**Exercise objective:**
Return all the data verbatim but without images.
______
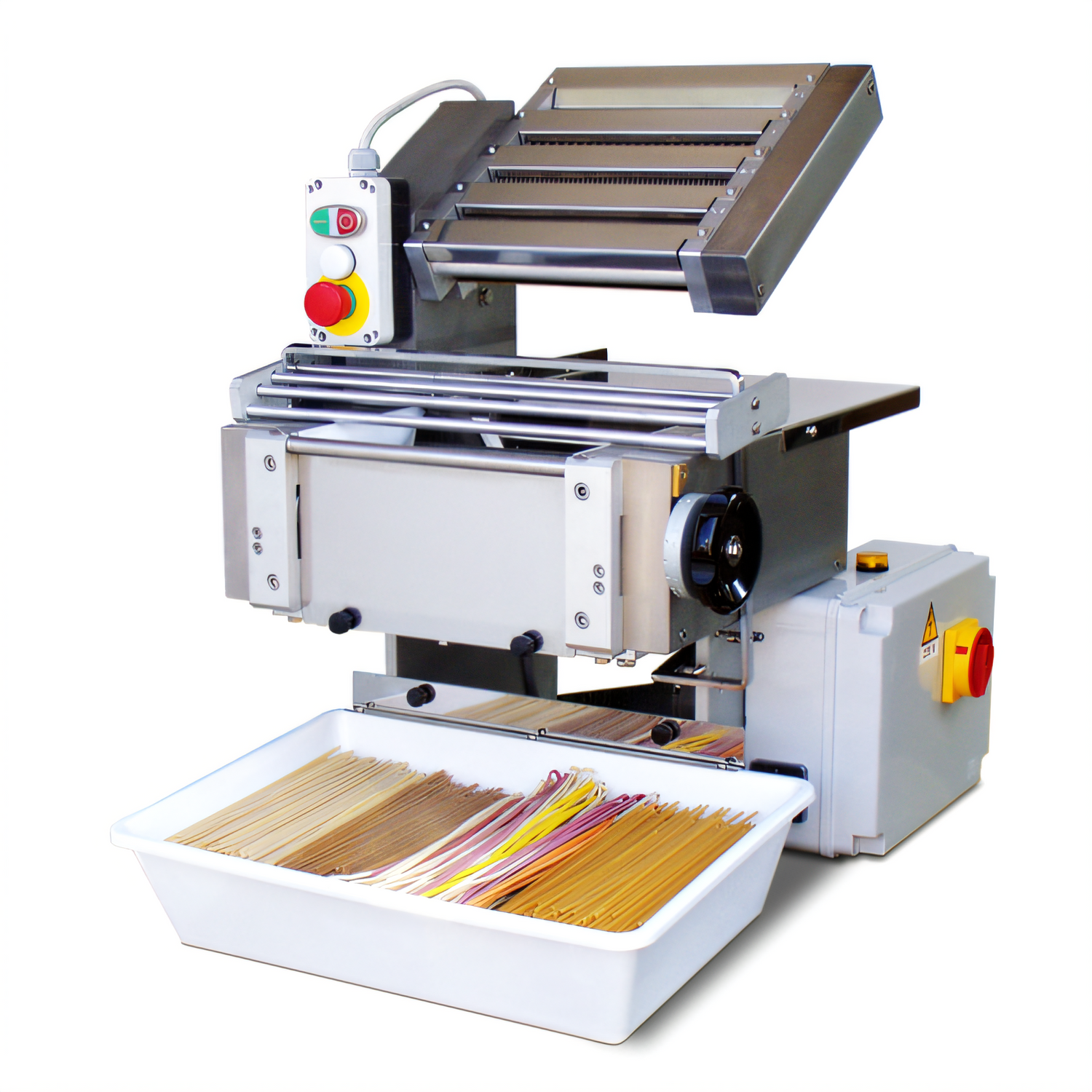 Rosito Bisani Capitani electric countertop pasta sheeter — 1HP stainless unit, adjustable thickness, heavy-duty, safety grill, makes multiple pasta types.
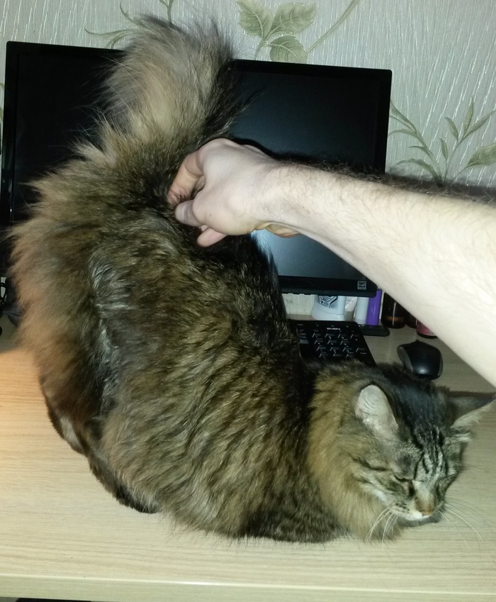 Кота чешут по хребтине, он прется. Немного слежался во время сна.
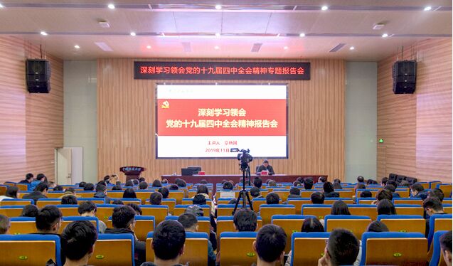 (记者霍少孟)11月28日,深入学习领会党的十九届四中全会精神专题报告会在bat365报告厅举行,湖北省委宣传团成员、湖北省委政策研究室副主任章新国同志作宣讲报告,bat365全体院领导、院直支部、信安支部、网工支部、部分学生支部的党员和新校区各学院260余名干部师生聆听报告。校党委副书记、纪委书记成金华主持报告会。
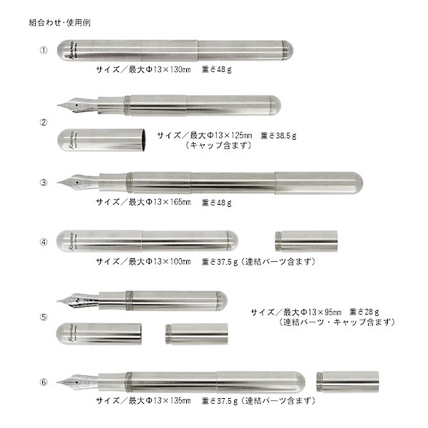 4つのパーツの組合せでペンの長さや重さを調節。
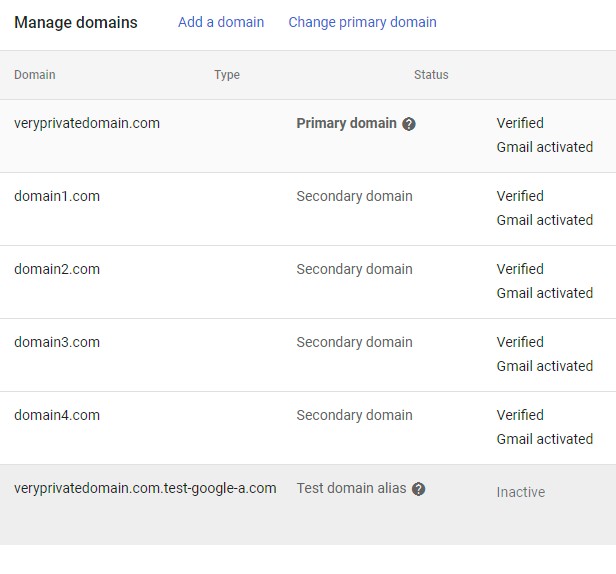 And these are the domains set up to use Google Workspace.
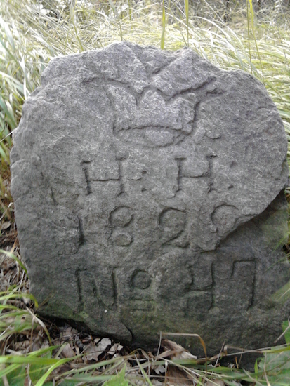 Hraniční kameny s korunou a zkratkou HH = Herrschaft Hohenstadt (panství Zábřeh).
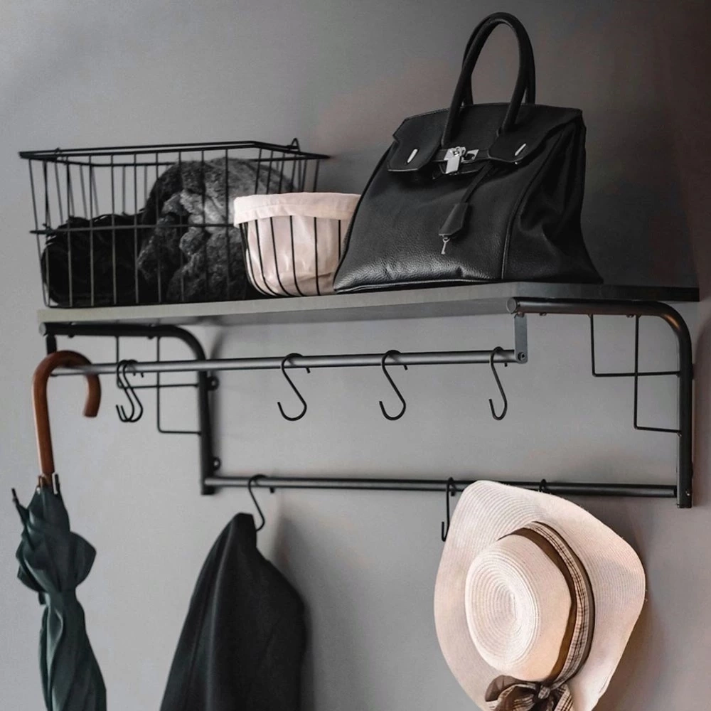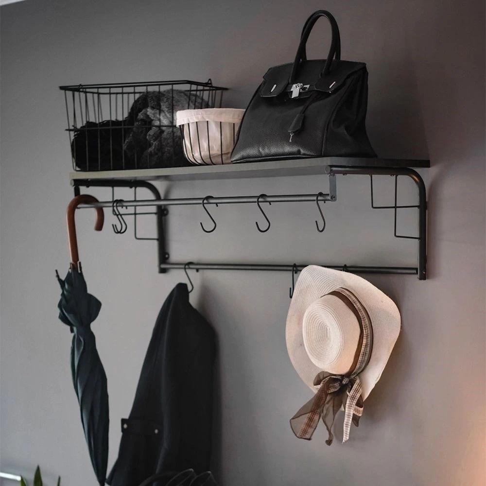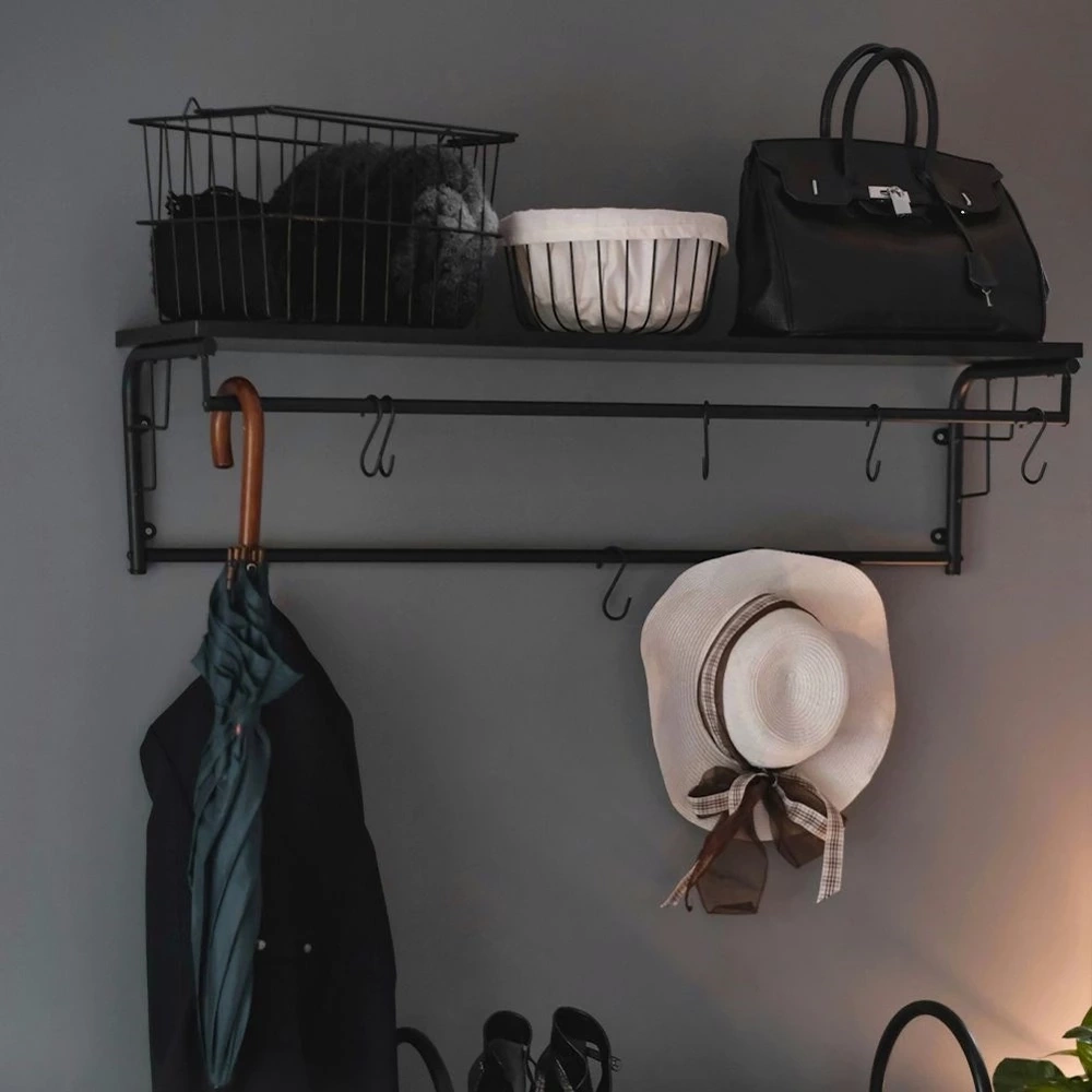 - Półka z wieszakami w zestawie 8 haczyków. Idealna do przedpokoju, korytarza a nawet poczekalni. Dzięki niej wygodnie odwiesimy kurtki oraz odłożymy czapki i torebki.
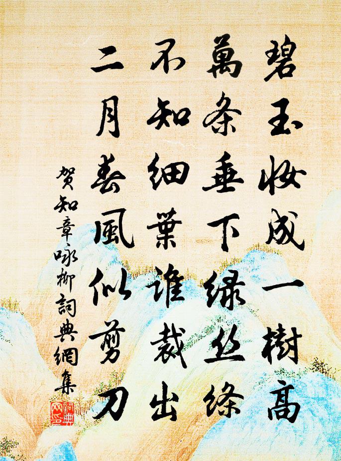 寫楊柳,該從哪兒著筆呢?毫無疑問,它的形象美是在於那曼長披拂的枝條。一年一度,它長出了嫩綠的新葉,絲絲下垂,在春風吹拂中,有著一種迷人的意態。這是誰都能欣賞的。古典詩詞中,借用這種形象美來形容、比擬美人苗條的身段,婀娜的腰支,也是我們所經常看到的。這詩別出新意,翻轉過來。“碧玉妝成一樹高”,一開始,楊柳就化身為美人而出現;“萬條垂下綠絲絛”,這千條萬縷的垂絲,也隨之而變成了她的裙帶。上句的“高”字,襯托出美人婷婷裊裊的風姿;下句的“垂”字,暗示出纖腰在風中款擺。詩中沒有“楊柳”和“腰支”字樣,然而這早春的垂柳以及柳樹化身的美人,卻給寫活了。《南史》說劉悛之為益州刺史,獻蜀柳數株,“條甚長,狀若絲縷。”齊武帝把這些楊柳種植在太昌雲和殿前,玩賞不置,說它“風流可愛”。這裡把柳條說成“綠絲絛”,可能是暗用這個關於楊柳的著名典故。但這是化用,看不出一點痕跡的。
______
**Answer to the problem:**
 Rosito Bisani Capitani electric countertop pasta sheeter — 1HP stainless unit, adjustable thickness, heavy-duty, safety grill, makes multiple pasta types.
 Кота чешут по хребтине, он прется. Немного слежался во время сна.
 (记者霍少孟)11月28日,深入学习领会党的十九届四中全会精神专题报告会在bat365报告厅举行,湖北省委宣传团成员、湖北省委政策研究室副主任章新国同志作宣讲报告,bat365全体院领导、院直支部、信安支部、网工支部、部分学生支部的党员和新校区各学院260余名干部师生聆听报告。校党委副书记、纪委书记成金华主持报告会。
 4つのパーツの組合せでペンの長さや重さを調節。
 And these are the domains set up to use Google Workspace.
 Hraniční kameny s korunou a zkratkou HH = Herrschaft Hohenstadt (panství Zábřeh).
 - Półka z wieszakami w zestawie 8 haczyków. Idealna do przedpokoju, korytarza a nawet poczekalni. Dzięki niej wygodnie odwiesimy kurtki oraz odłożymy czapki i torebki.
 寫楊柳,該從哪兒著筆呢?毫無疑問,它的形象美是在於那曼長披拂的枝條。一年一度,它長出了嫩綠的新葉,絲絲下垂,在春風吹拂中,有著一種迷人的意態。這是誰都能欣賞的。古典詩詞中,借用這種形象美來形容、比擬美人苗條的身段,婀娜的腰支,也是我們所經常看到的。這詩別出新意,翻轉過來。“碧玉妝成一樹高”,一開始,楊柳就化身為美人而出現;“萬條垂下綠絲絛”,這千條萬縷的垂絲,也隨之而變成了她的裙帶。上句的“高”字,襯托出美人婷婷裊裊的風姿;下句的“垂”字,暗示出纖腰在風中款擺。詩中沒有“楊柳”和“腰支”字樣,然而這早春的垂柳以及柳樹化身的美人,卻給寫活了。《南史》說劉悛之為益州刺史,獻蜀柳數株,“條甚長,狀若絲縷。”齊武帝把這些楊柳種植在太昌雲和殿前,玩賞不置,說它“風流可愛”。這裡把柳條說成“綠絲絛”,可能是暗用這個關於楊柳的著名典故。但這是化用,看不出一點痕跡的。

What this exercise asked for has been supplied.